Jean-Baptiste Féret received the M.Sc. degree in AgroTIC from the International Center for Higher Education in Agricultural Sciences, Montpellier, France, in 2005, and the Ph.D. degree in physics fundamentals from the Universite Pierre et Marie Curie—Paris 6, Paris, France, in 2009. Currently, he is a PostDoctoral Fellow at the Department of Global Ecology, Carnegie Institution for Science, Stanford, CA. His scientific research focuses on hyperspectral remote sensing of vegetation, including assessment of biophysical properties using radiative transfer modeling and statistical methods, species identification, and image classification using high spectral and spatial resolution imagery.

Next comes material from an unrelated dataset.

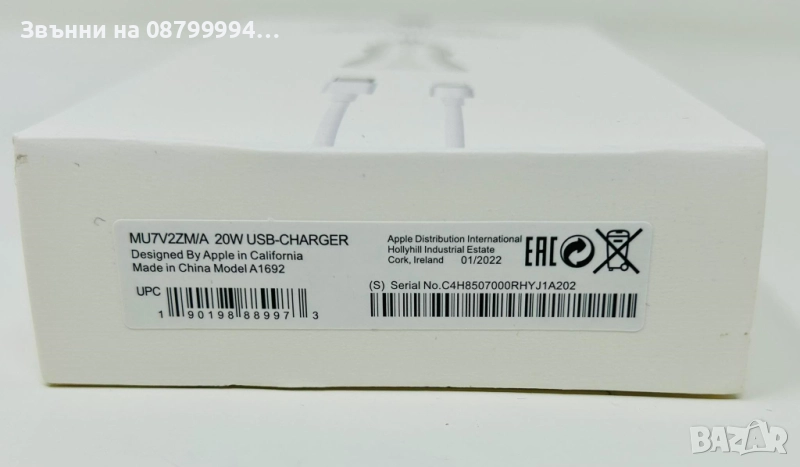 to Lightning и Зарядно 20W за iPhone, съвместим с от iPhone 7 до 14 Pro Maxq

Gregory P. Asner received the B.S. degree in civil and environmental engineering, the M.A. degree in biogeography, and the Ph.D. degree in environmental, organismic, and population biology from the University of Colorado, Boulder, in 1991, 1995, and 1997, respectively. Currently, he is a Faculty Member in the Department of Global Ecology, Carnegie Institution for Science, Stanford, CA. He also holds a faculty position in the Department of Environmental Earth System Science, Stanford University, Stanford. His scientific research centers on how human activities alter the composition and functioning of ecosystems at regional scales. He combines field work, airborne and satellite mapping, and computer simulation modeling to understand the response of ecosystems to land use and climate change.